Sleep. Then lunch. He hadn’t wanted to go to bed; he’d wanted to keep talking to her. She first thought it might have been because he was interested in knowing her as a person, but that was too conceited to be considered for more than a moment. No, she was interesting to him, like a virus was interesting, if dangerous. He knew she could shake up his nice little life and so he was drawn to her, the way the new kids at juvie were drawn to the ones who graduated to robbery and murder.

So he’d kept after her, talking to her and asking questions and telling her about himself, and when she reminded him he hadn’t slept in twenty hours, he had looked stubborn and shrugged and asked her what her earliest memory was, because his was of his dad chopping onions while onion-tears streamed down his face and ever since then he’d felt kind of funny about onions, they were “the meanest vegetable.” Tomatoes were the nicest, so round and sweet and juicy, they were—

She interrupted him, he argued, they bargained. He agreed to sleep for a few hours if she would let him take her to lunch when he woke. To which she agreed, looking forward to the lunch and mad at herself for looking forward to it.

He had given her a longing look over his shoulder as he trudged to his solitary bed, and she’d been ridiculously tempted to follow him and undress him and find out if he was as good at other things as he was at kissing.

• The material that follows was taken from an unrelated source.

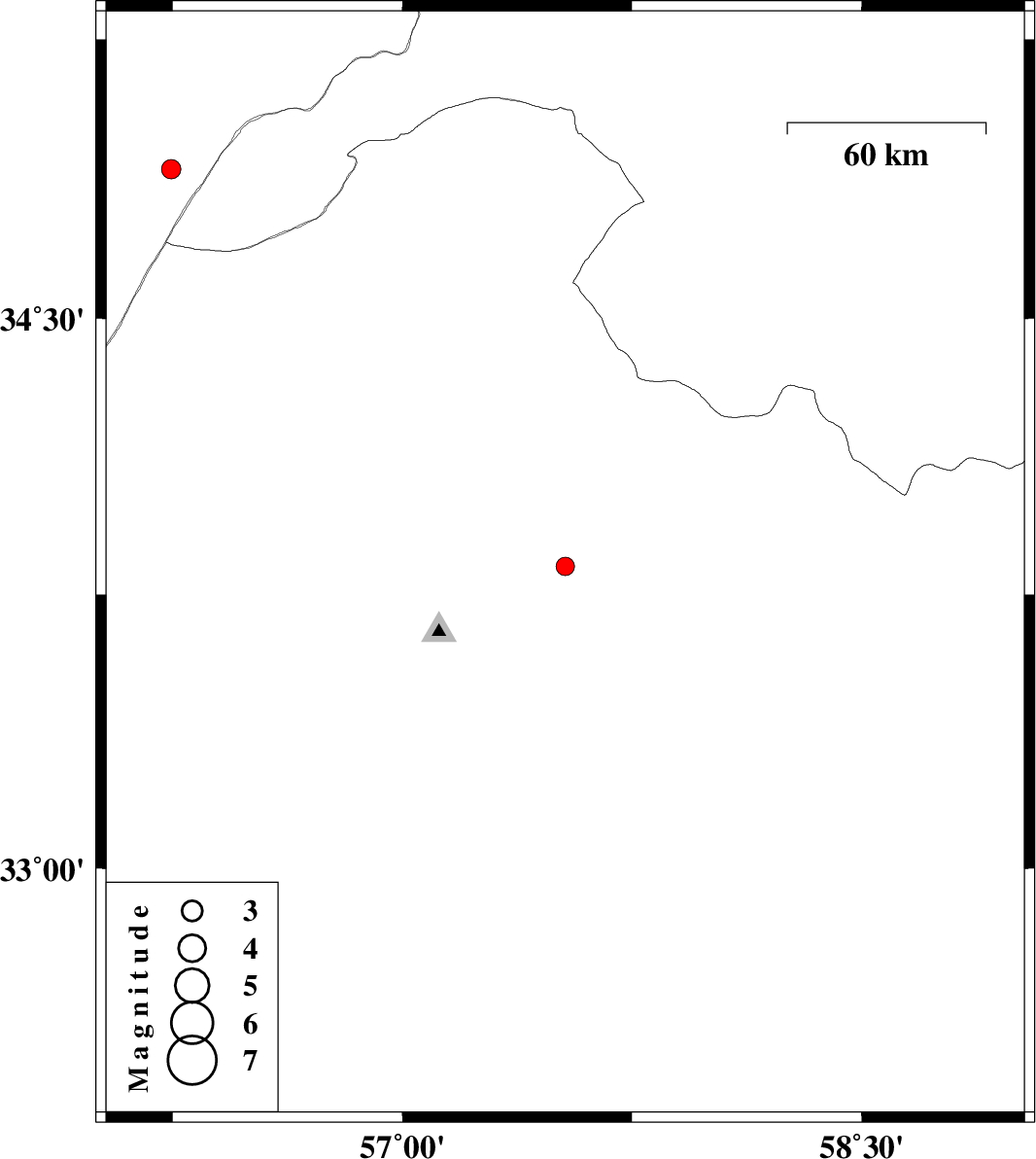2016/04/26 | 14:27:47.6 | 18:57:47.6 | 33.827 | 57.532 | 16 | ML:2.7 | Khorasan(center) Province, 62 km North-East of Tabas | ||

But that was madness, pure and simple, and she wasn’t about to open herself up to a citizen, someone who didn’t know the first thing about survival or what she had been through. Someone who would be shocked and horrified at what she did. Someone who would wait around long enough for her to love him, then abandon her once she depended on him.

Dr. Jared Dean was the best kisser in the world. And she didn’t intend to find out anything beyond that.

It was no use. He couldn’t sleep. He pulled his pillow from beneath his head and punched it. It was too hot—
he
was too hot—and Kara was too close.

The more he tried to ignore the fact that The Delectable One was sleeping just a few feet away, the randier he got. It wasn’t fair. Why couldn’t his bodyguard be dull and ugly? Uncomplicated and bow-legged?

It’s just because you’re in a dry spell,
he told himself.
When was the last time you got horizontal with anybody? The last time you got some nooky, they were still debating whether Gore or Bush had won the election. Right? So just … put her out of your mind.

Right. Sure. Piece of cake. Ha!

As if in response to his frustration, his door creaked open with ominous slowness. Jared clutched the blanket beneath his chin and stared at the large, menacing silhouette framed in the doorway. He was a fan of horror movies, so he knew he was about to be stalked, chased, then cut in half with a table saw, only to be saved at the last minute so he could appear in the sequel. A
bad
sequel.

“Leave me alone,” he said to the approaching silhouette. “Go find Jennifer Love Hewitt.”

The silhouette stopped short of his bed. His curtains were wide open, and as the moon came out from behind the clouds he saw it was Kara. Her silhouette was menacingly huge because she was wearing an armadillo suit.